• Exercise requirements:
Could you copy exactly the lines below, beginning at the line with "2、用电动打蛋器打至体积变大,颜色变白。" and stopping after the line with "上尾市上の賃貸物件詳細情報", with no pictures?

(Provided records begins)

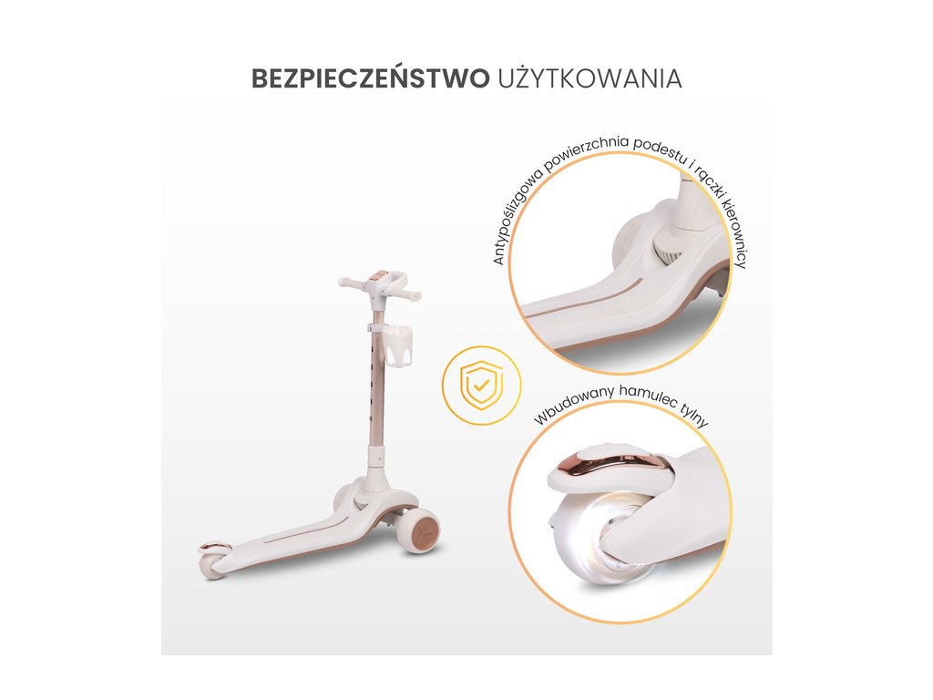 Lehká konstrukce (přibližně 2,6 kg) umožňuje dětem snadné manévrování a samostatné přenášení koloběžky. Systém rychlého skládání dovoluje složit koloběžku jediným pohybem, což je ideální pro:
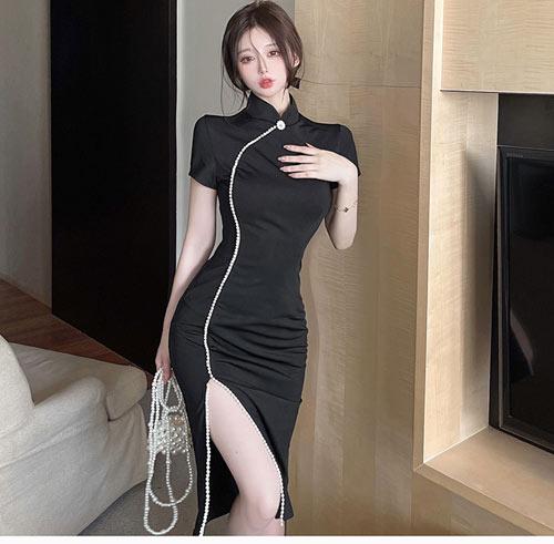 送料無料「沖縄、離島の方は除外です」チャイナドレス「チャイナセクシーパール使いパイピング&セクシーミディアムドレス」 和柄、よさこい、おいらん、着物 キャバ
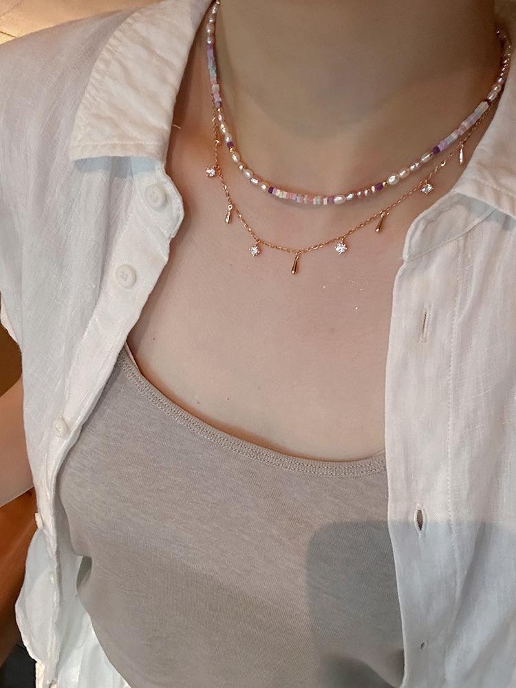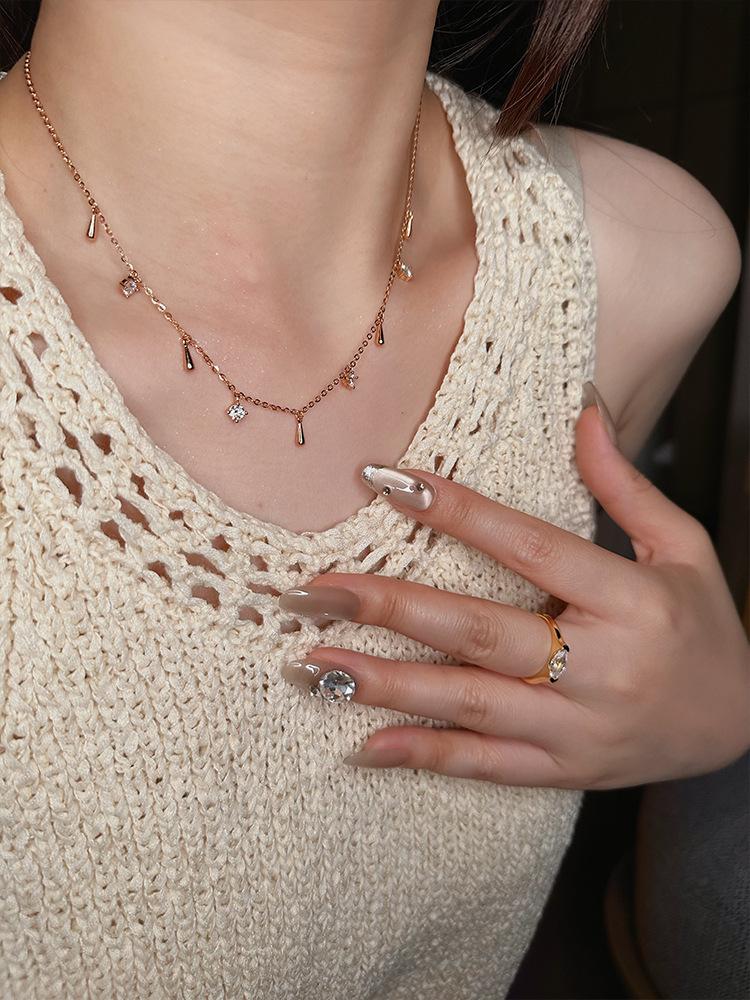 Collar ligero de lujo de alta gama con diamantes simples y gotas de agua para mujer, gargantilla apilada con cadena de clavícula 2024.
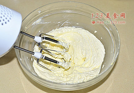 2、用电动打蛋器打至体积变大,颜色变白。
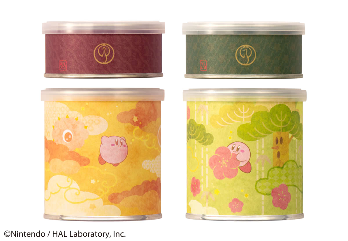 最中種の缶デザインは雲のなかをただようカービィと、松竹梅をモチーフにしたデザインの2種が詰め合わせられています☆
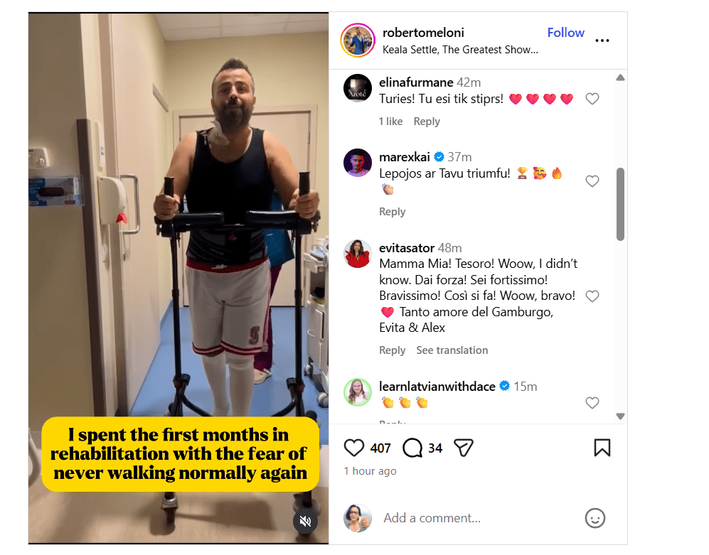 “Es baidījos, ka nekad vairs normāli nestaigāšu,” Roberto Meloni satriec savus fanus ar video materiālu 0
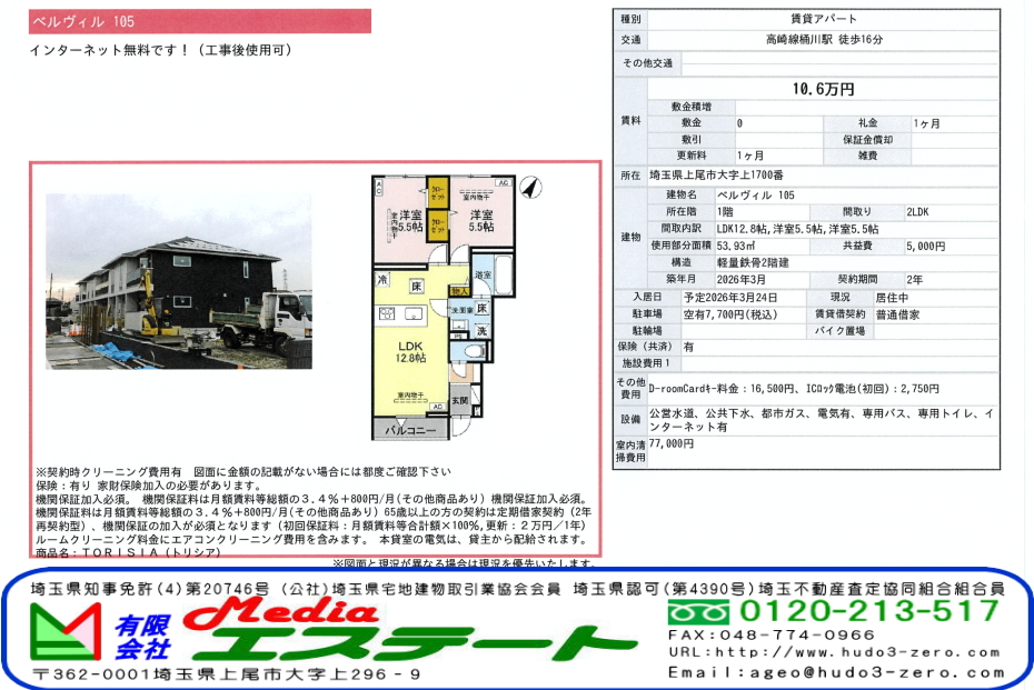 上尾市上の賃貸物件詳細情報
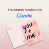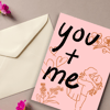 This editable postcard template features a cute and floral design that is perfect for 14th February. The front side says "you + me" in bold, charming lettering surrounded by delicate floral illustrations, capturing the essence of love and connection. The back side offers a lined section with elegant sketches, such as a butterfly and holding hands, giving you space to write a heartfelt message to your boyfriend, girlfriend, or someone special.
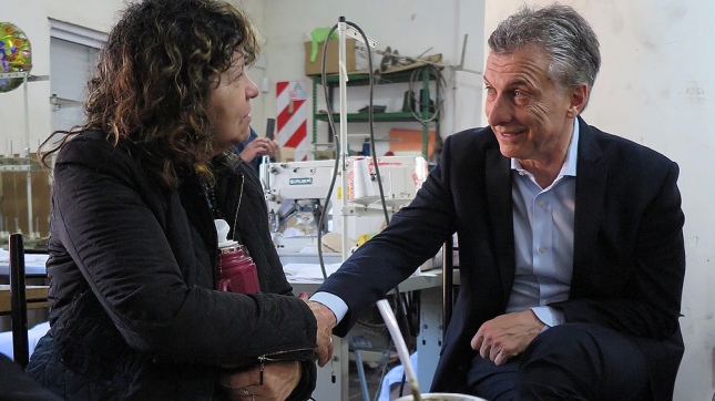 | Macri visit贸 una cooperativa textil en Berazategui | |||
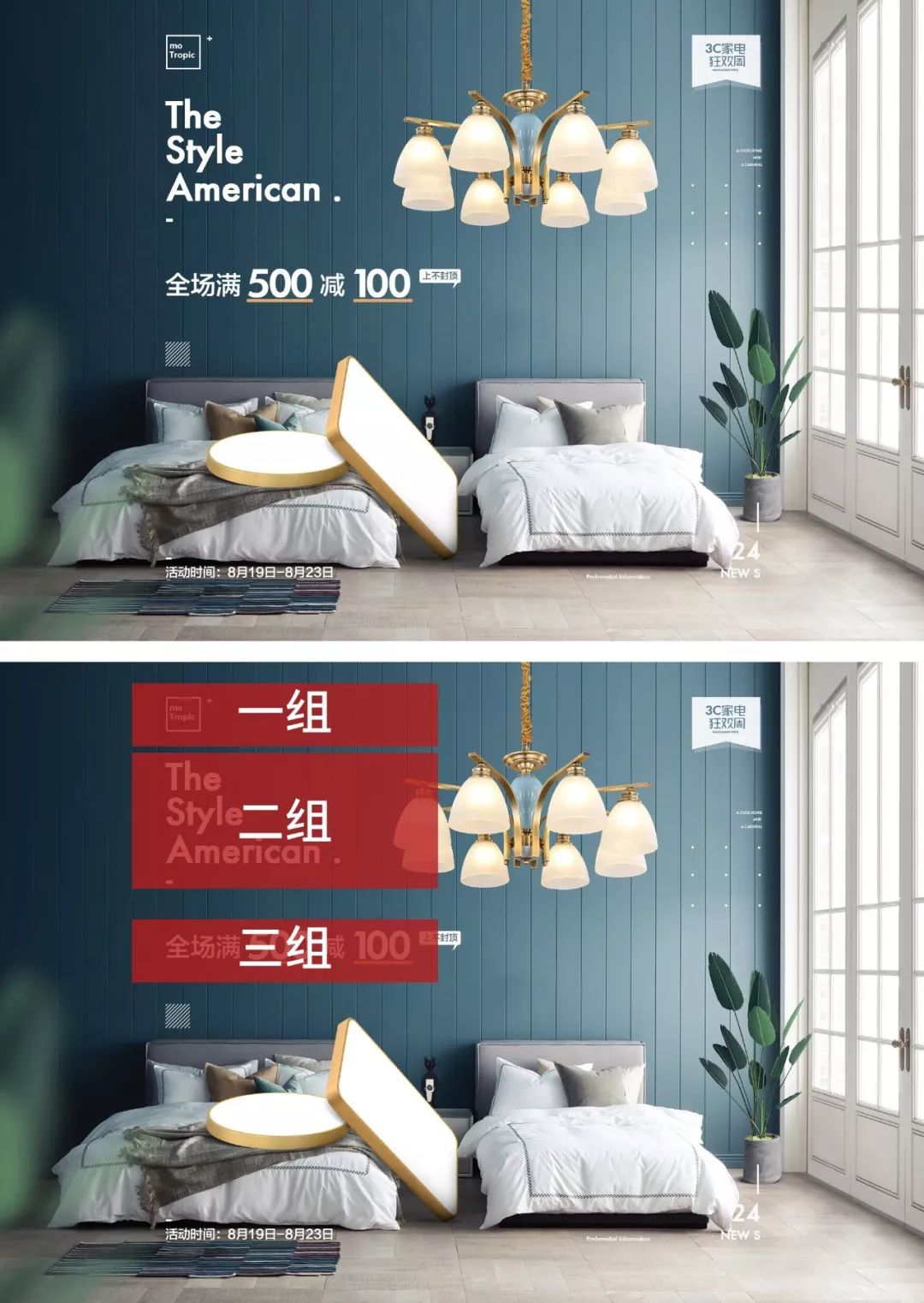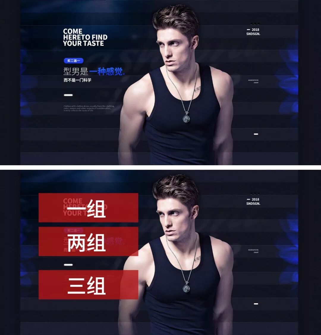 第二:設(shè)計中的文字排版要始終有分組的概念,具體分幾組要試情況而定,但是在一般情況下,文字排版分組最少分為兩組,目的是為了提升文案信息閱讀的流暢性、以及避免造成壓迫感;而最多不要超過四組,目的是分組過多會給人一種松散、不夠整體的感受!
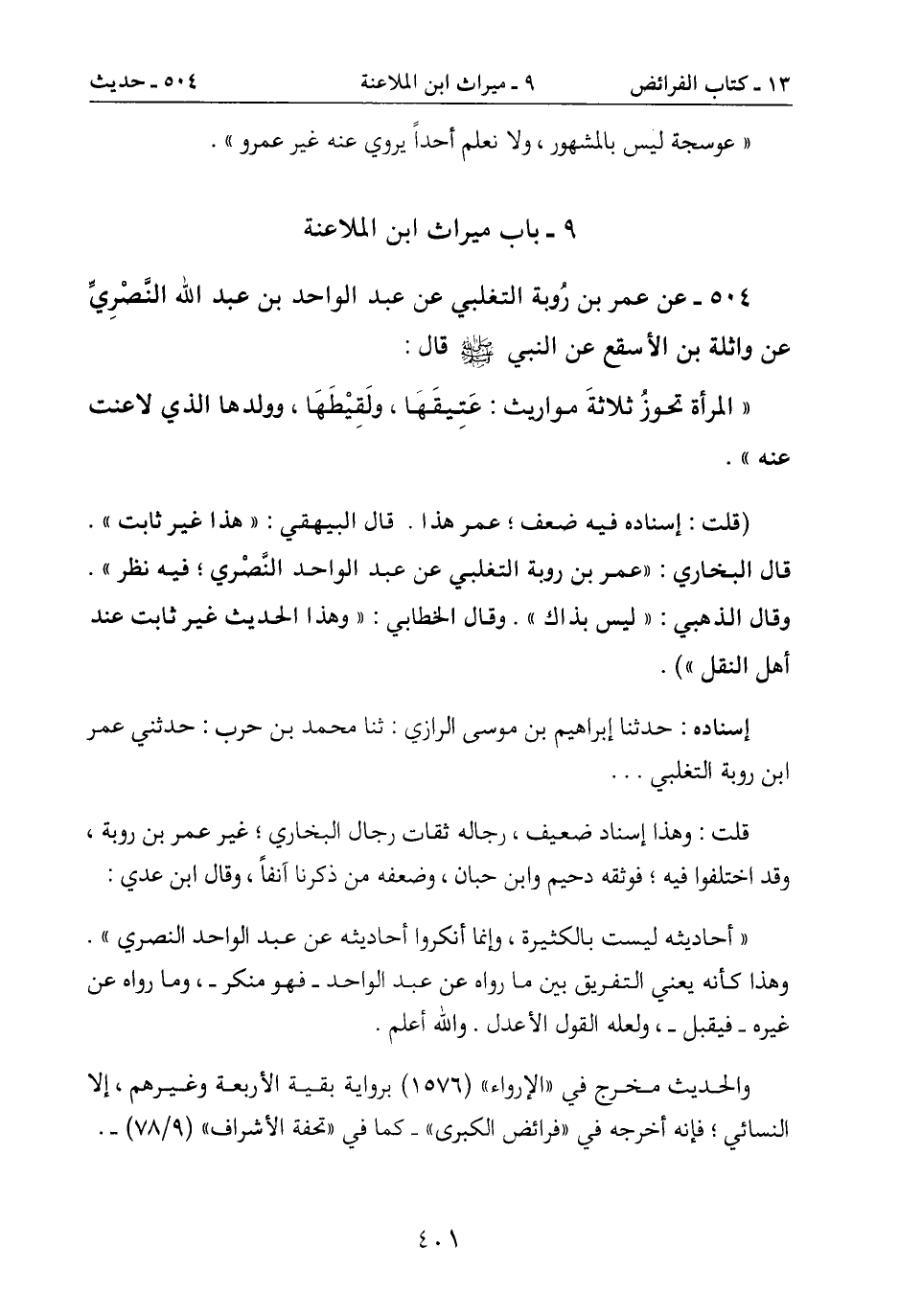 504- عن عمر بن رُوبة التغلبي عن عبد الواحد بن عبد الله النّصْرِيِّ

(Provided records ends)

• Response for this exercise:
 2、用电动打蛋器打至体积变大,颜色变白。
 最中種の缶デザインは雲のなかをただようカービィと、松竹梅をモチーフにしたデザインの2種が詰め合わせられています☆
 “Es baidījos, ka nekad vairs normāli nestaigāšu,” Roberto Meloni satriec savus fanus ar video materiālu 0
 上尾市上の賃貸物件詳細情報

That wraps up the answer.